CBRE | WTW group managing director Tan Ka Leong says the availability of prime office space continues to attract occupants from non-prime offices, further driving down their occupancy rates. Non-prime offices with outdated layouts and services face the decision to reinvent themselves, repurpose their space or undergo redevelopment.

Knight Frank in its Real Estate Highlights 2H2024 report sees larger floor plates that are typically at least 20,000 sq ft becoming increasingly favoured, particularly in the KL fringe and Petaling Jaya areas. These locations are highly attractive because of their robust amenities and excellent connectivity, including proximity to train stations.

TRX continues to thrive as a financial hub, supported by its integrated shopping mall and seamless MRT connectivity.

Corporate relocations to newer buildings are seeing older office buildings in the KLCC area, for example, underutilised, opening opportunities for reinvention and avenues for creative repurposing. In fact, Previn says, transactions involving dated office buildings are gaining traction as developers and investors look to unlock value through redevelopment or repositioning. Redevelopment is a strategic option when older buildings face structural limitations that hinder repurposing.
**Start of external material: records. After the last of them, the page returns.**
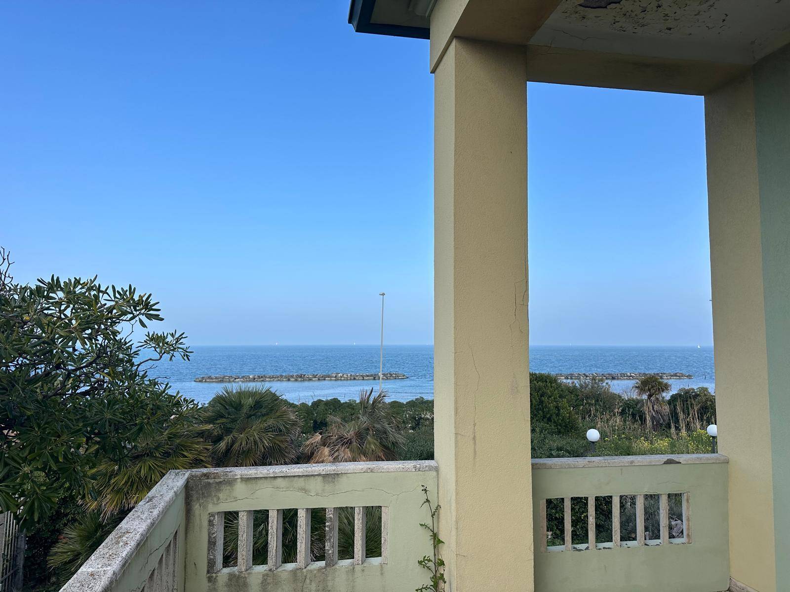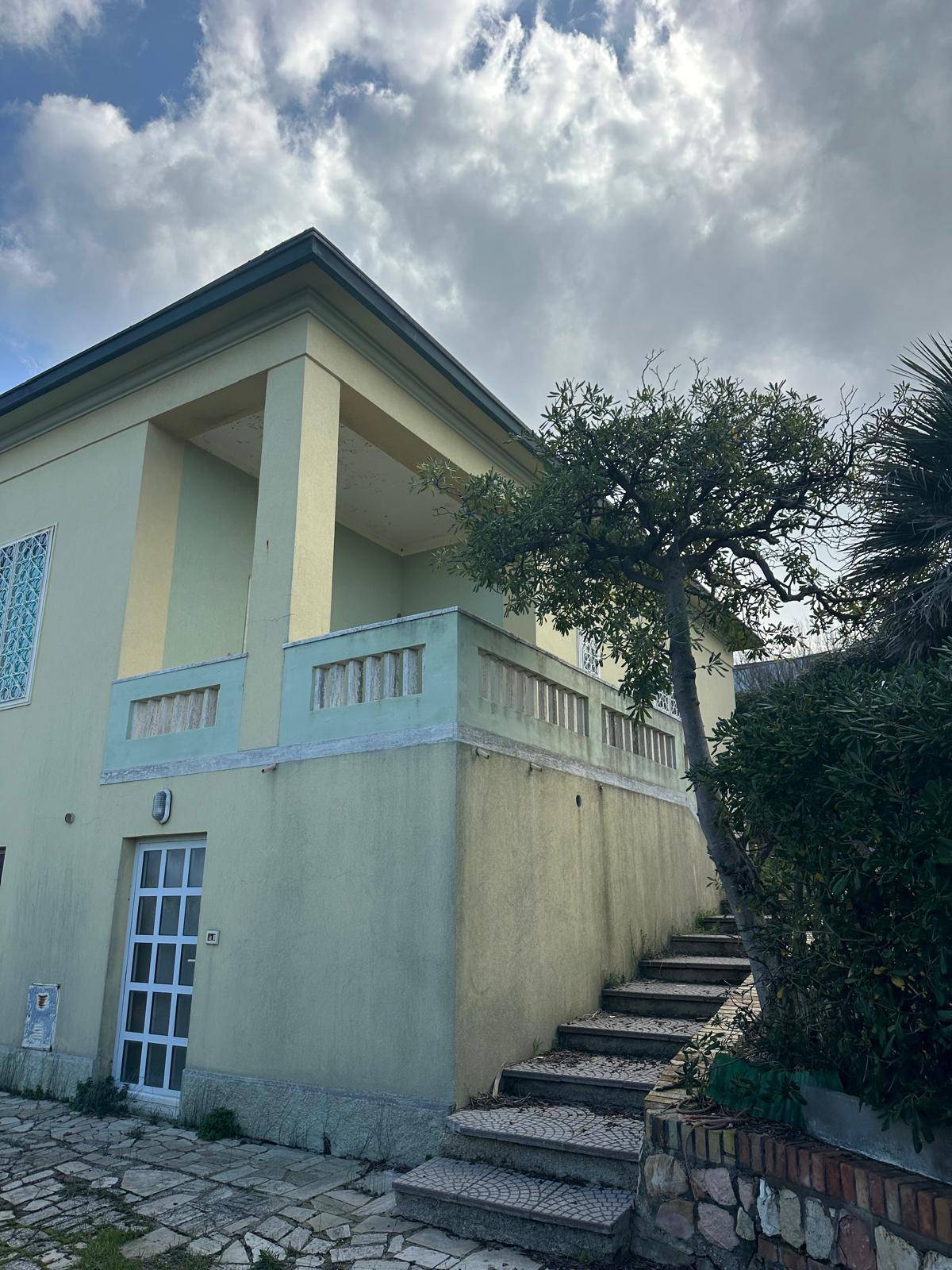 TECNODATI propone in Vendita villa da ristrutturare di circa mq. 300 suddivisa in due unità immobiliari con corte di proprietà esclusiva di mq. 1500. La posizione leggermente collinare permette una bellissima vista panoramica sul mare a pochi metri di distanza. Al piano terra ex locali adibiti a garage/magazzini/taverna; al piano primo l'appartamento molto grande comprendente un ampio salone con grandi vetrate vista mare, angolo cottura, tre camere matrimoniali e tre bagni. Al piano secondo altro appartamento mansardato. Per visite gratuite e non impegnative contattare la sig.a Valeria al n. 3387133048.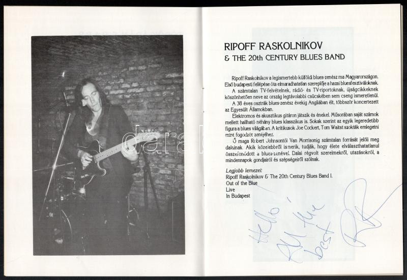 1994 Bluesapest plakát + ismertető füzet, benne Ripoff Raskolnikov alá... https://www.darabanth.com/hu/477-Gyorsarveres/477.0/Mutargy-papirregiseg-egyeb/Alairas~1000026/1994-Bluesapest-plakat-plus-ismerteto-fuzet-benne-Ripoff-Raskolnikov-alairasaval~II3246459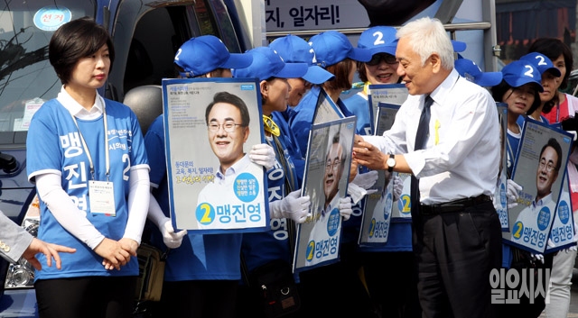 김한길 새정치민주연합 공동대표가 29일 서울 동대문구 휘경동을 방문, 각 후보들 선거유세단들과 인사를 나누고 있다.
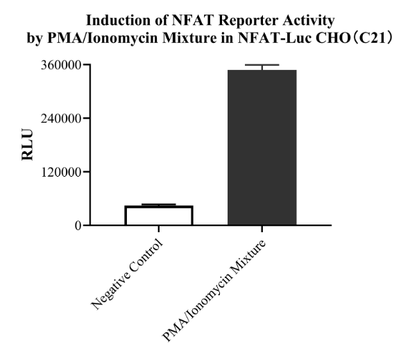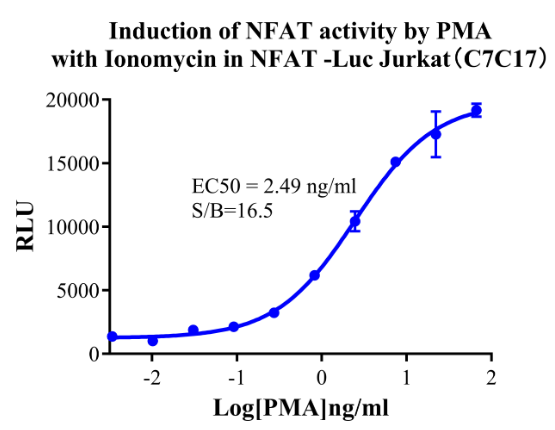 Figure 3.Detect Luciferase assay by Ultra Luciferase Detection Kit CBPH0001(we strongly suggest to purchase from Cobioer). Induction of NFAT activity by PMA with Ionomycin in NFAT-Luc Jurkat(C7C17).

Having said that, repurposing older office buildings into residential, hotel, healthcare or even mixed-use developments successfully depends on factors such as market demand, location and the unique characteristics of each property. The challenges include zoning restrictions and regulatory compliance, Previn adds, as well as structural modifications to meet specific requirements of residential, hospitality or other uses to ensure adequate natural light, ventilation and functional layouts.

Among notable successful repurposing of office buildings in the city are Menara ING, which was repurposed into Holiday Inn Express Kuala Lumpur City Centre; and Wisma KLIH, which was sold to HYM Signature Sdn Bhd in 2019 and transformed into a four-star, 133-room boutique hotel called WOLO Kuala Lumpur.

Another example is Wisma KFC on Jalan Sultan Ismail, which was acquired by Hap Seng Consolidated Bhd (KL:HAPSENG) from Singapore’s Royal Group for RM190 million three years after the latter purchased it from the Employees Provident Fund. The property was repurposed into Hyatt Centric City Centre Kuala Lumpur, which has recently opened. Both deals were concluded by Zerin Properties.